Freshwater systems include the Volga River basin, Ob River basin, Yenisei River basin, Lena River basin, and the freshwater ecoregions of Lake Baikal, a UNESCO World Heritage Site extensively studied by the Limnological Institute (Irkutsk), Russian Academy of Sciences, and international partners documenting endemic clades such as the omul (Coregonus autumnalis) and endemic amphipods. Marine ecoregions include the Barents Sea Shelf, White Sea, Sea of Azov, Black Sea, Baltic Sea (Russian coast), Sea of Okhotsk, Bering Sea and the productive Pacific salmon corridors utilized by fisheries managed through protocols involving the North Pacific Anadromous Fish Commission and fisheries institutes like the Russian Federal Fisheries Agency.

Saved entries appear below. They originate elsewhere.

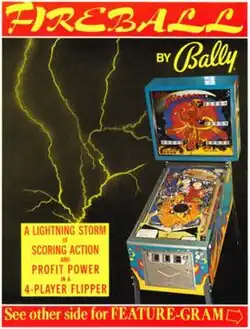Fireball is a historically notable pinball machine designed by Ted Zale and released by Bally in 1972. The table was one of the first to have a modern sci-fi/fantasy type of outer space theme and featured elaborate, artwork on the sides of the table, painted by Dave Christensen.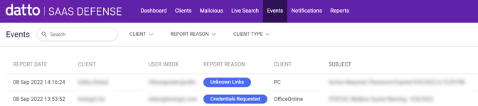 NOTE To learn more about the Datto SaaS Defense Report Threat add-in, see the article Deploying the Datto SaaS Defense Report Threat Add-In. For more information about the Email Threat Report, see the article Configuring the Email Threat Report.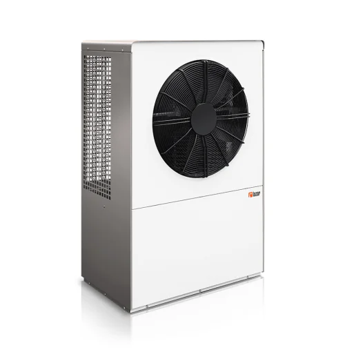 Stalowy kocioł na pellety, z automatycznie czyszczonymi palnikiem i wymiennikiem ciepła, zapalarką, o sprawności powyżej 91,2 % oraz mocy 11 kW. |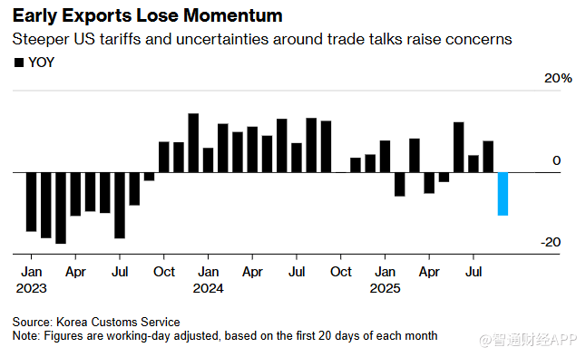 今年迄今为止,有着“全球经济金丝雀”之称的韩国出口保持坚挺,部分原因是制造商在8月份关税生效前匆忙发货。这种提前发货起到了一定的短期提振作用,但随着提振作用消退,出口越来越容易受到高关税和全球需求放缓的拖累。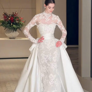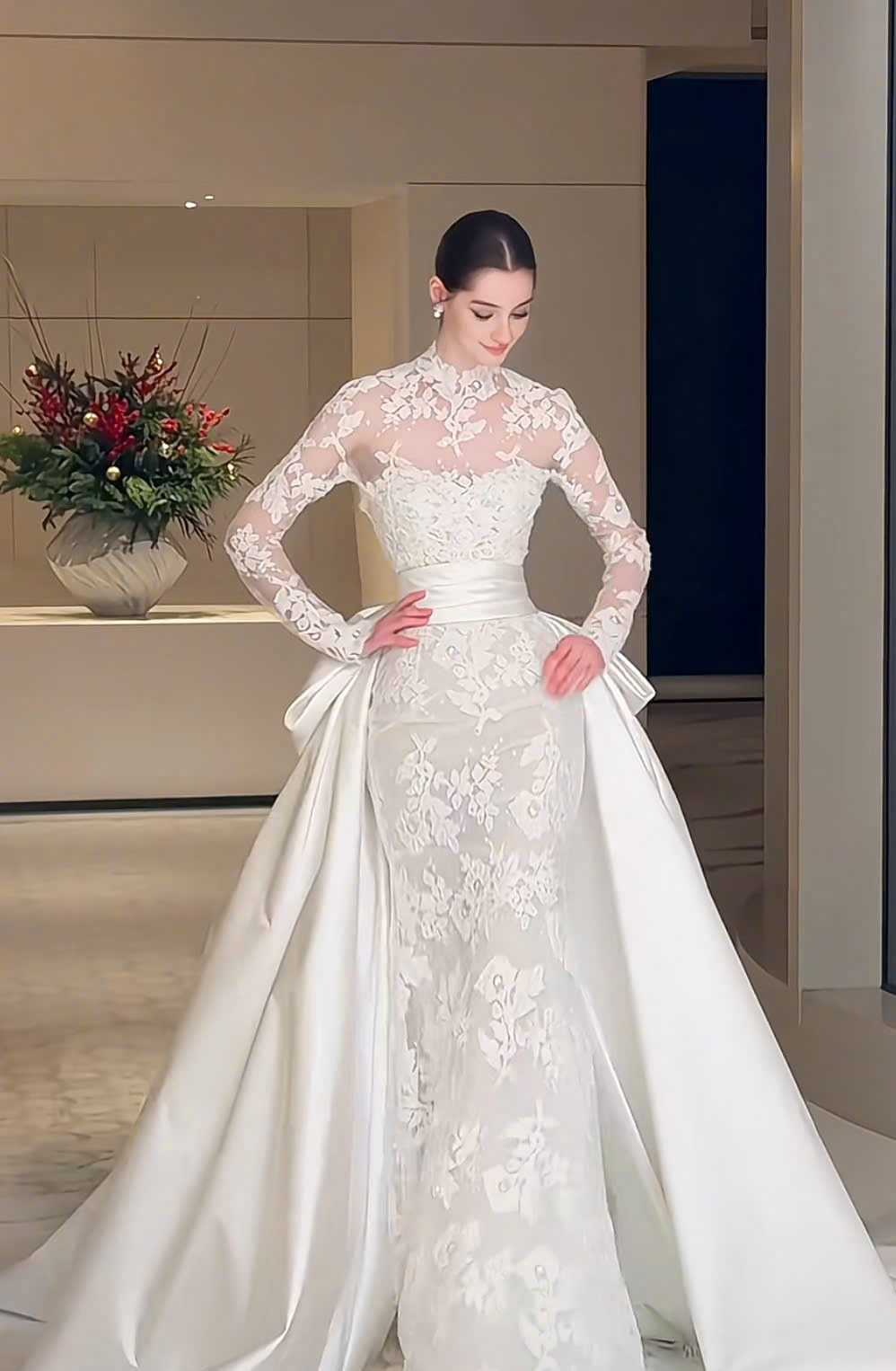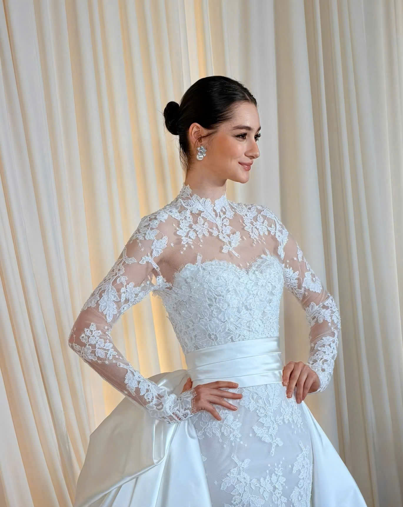 Váy cưới đuôi cá ren cổ cao tay dài – kiêu sa trong từng ánh nhìn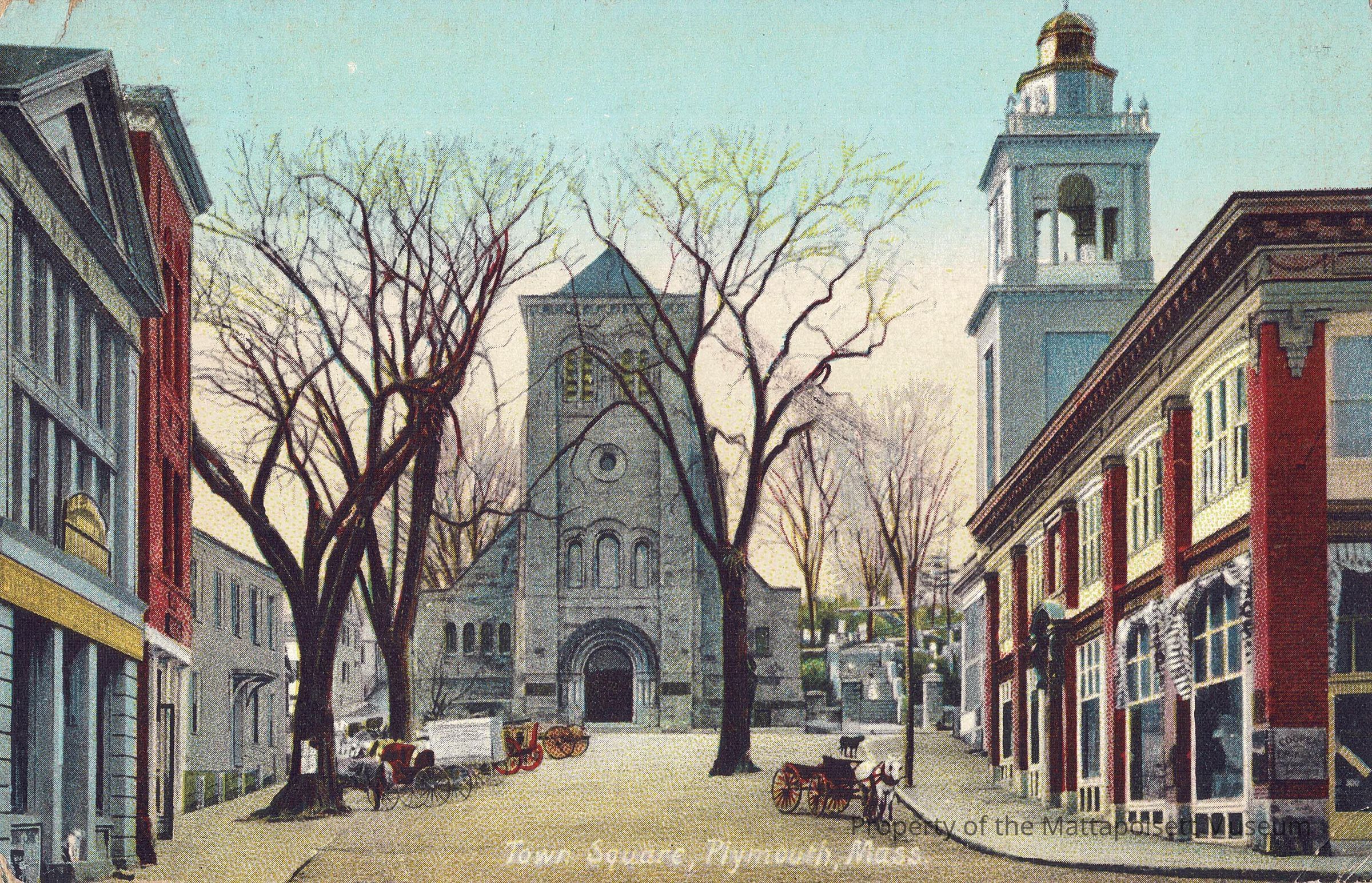 Hand-colored postcard showing Town Square, Plymouth, Mass. Handwritten note from Aunt Sarah to Mrs. Olivia H. Purrington, Mattapoisett, Massachusetts. Postmarked from Plymouth, Mass. on August 24, 1908.Collection

Threats arise from extractive activities led by companies operating in regions overlapping with protected areas and indigenous lands represented by organizations communicating with forums such as the Arctic Council, BRICS environmental dialogues, and national regulators like the Federal Service for Supervision of Natural Resource Usage (Rosprirodnadzor). Drivers include oil and gas development in the Yamal Peninsula and Kara Sea, logging in the taiga affecting carbon budgets studied by Intergovernmental Panel on Climate Change contributors, agricultural conversion across the Volga and Southern Federal District, invasive species movements reported by Centre for Russian Nature Conservation, and climate-induced tundra thaw discussed at conferences at Lomonosov Moscow State University. Conservation response includes Russian federal reserves (zapovedniks) such as Wrangel Island Reserve, transboundary protected areas linked with Mongolia and China, and international designations via Ramsar Convention and UNESCO World Heritage listings.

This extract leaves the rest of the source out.